**TASK REQUIREMENTS**
From the line containing "These gold-plated earrings" to the final line of the material below, return every line exactly. Do not include pictures.
:: GIVEN DATA
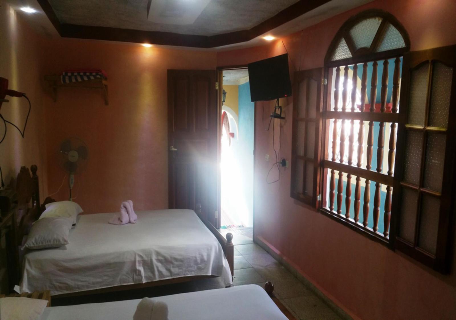A quiet and intimate room, with two double beds, air conditioning, fan and private bathroom. It has access to the outdoor terrace and the panoramic roof terrace. It is located on the first floor (there are stairs) and is suitable for families.
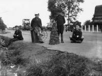 A black and white photograph depicts a group of people standing on a street. There are three individuals in the foreground, with one person sitting on the ground and two others standing. In the background, there is a truck and a car, and a person is visible on the sidewalk. The scene appears to be from an earlier time period, possibly the early 20th century, given the clothing styles and the vintage appearance of the vehicles. | Mitcham 'Remember the Grotto': Children at the roadside | f055b9c37eae49499aa501b465d079fb1b2eb89393d3034fc3efdbb91cd8ac8c | 001229710172 | 0 | 0 | 76 | 8 | 0 | 0 | |
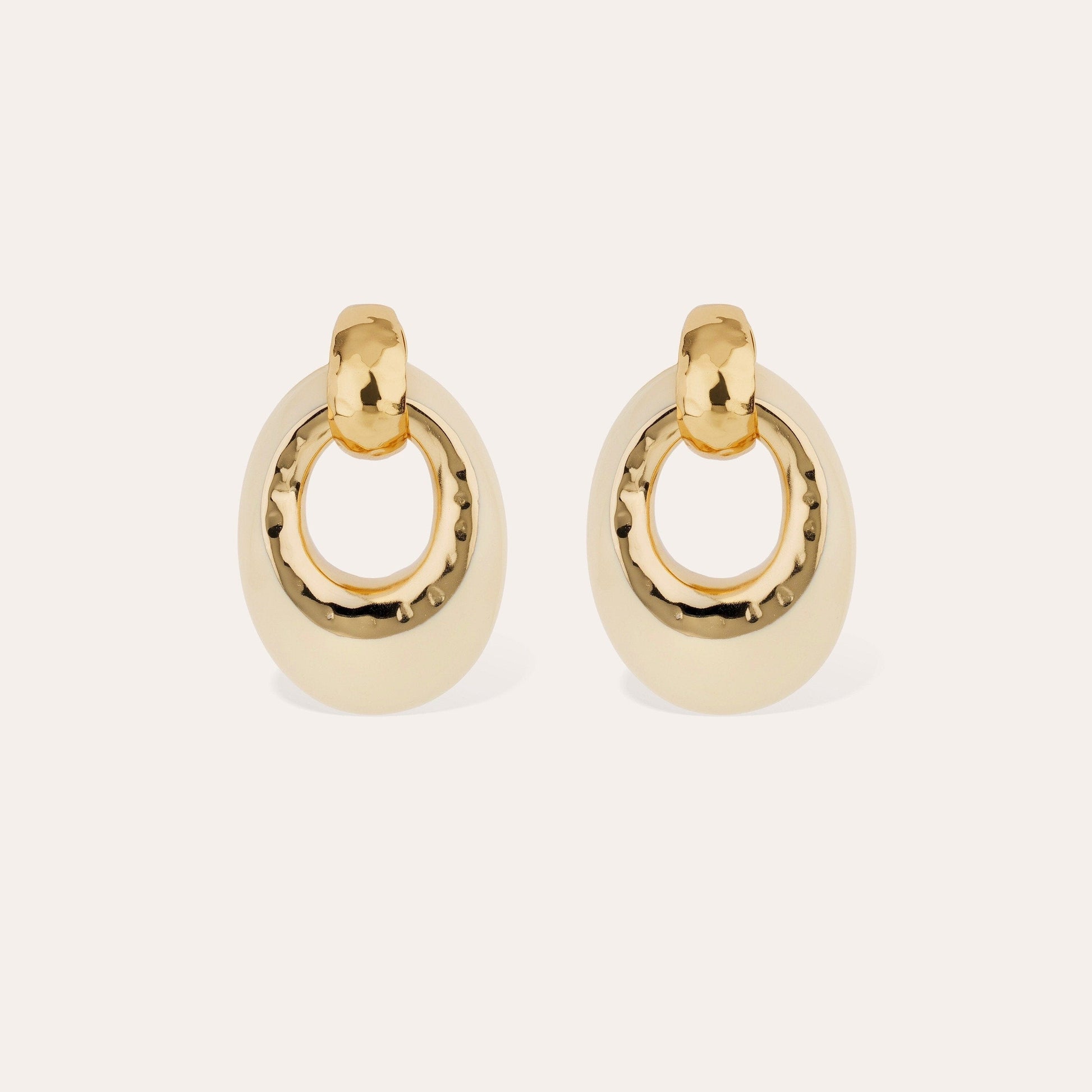 These gold-plated earrings combine an oval acetate ring derived from cotton or wood pulp with a radiant hammered element. The acetate reveals a warm, unique hue, enhanced by a hammered stud. A refined creation, blending elegance and craftsmanship.
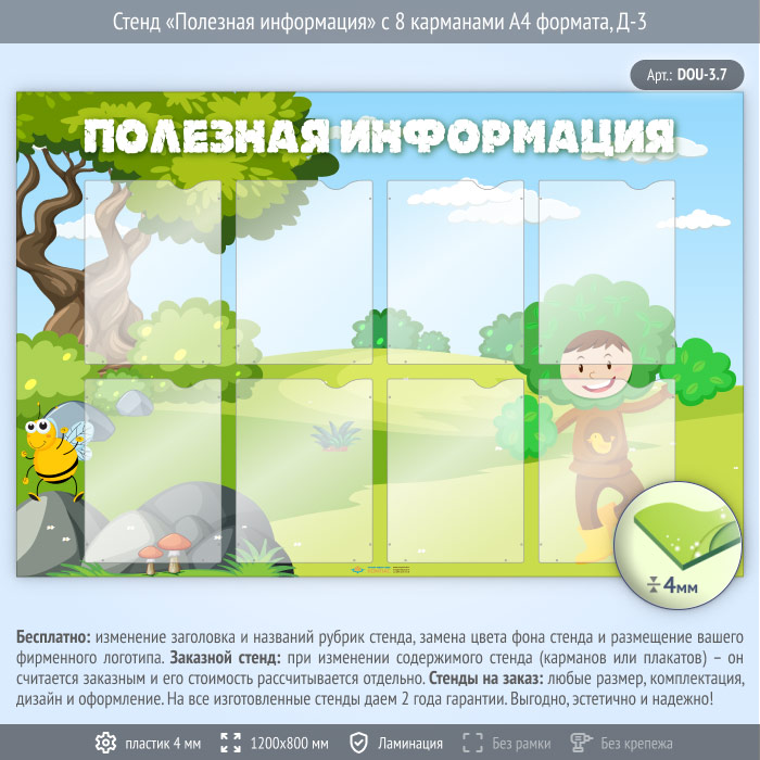 Стенд «Полезная информация» с 8 карманами А4 формата (DOU-3.7) в Ульяновске купить
::::
**RESULT FOR THIS EXERCISE**
 These gold-plated earrings combine an oval acetate ring derived from cotton or wood pulp with a radiant hammered element. The acetate reveals a warm, unique hue, enhanced by a hammered stud. A refined creation, blending elegance and craftsmanship.
 Стенд «Полезная информация» с 8 карманами А4 формата (DOU-3.7) в Ульяновске купить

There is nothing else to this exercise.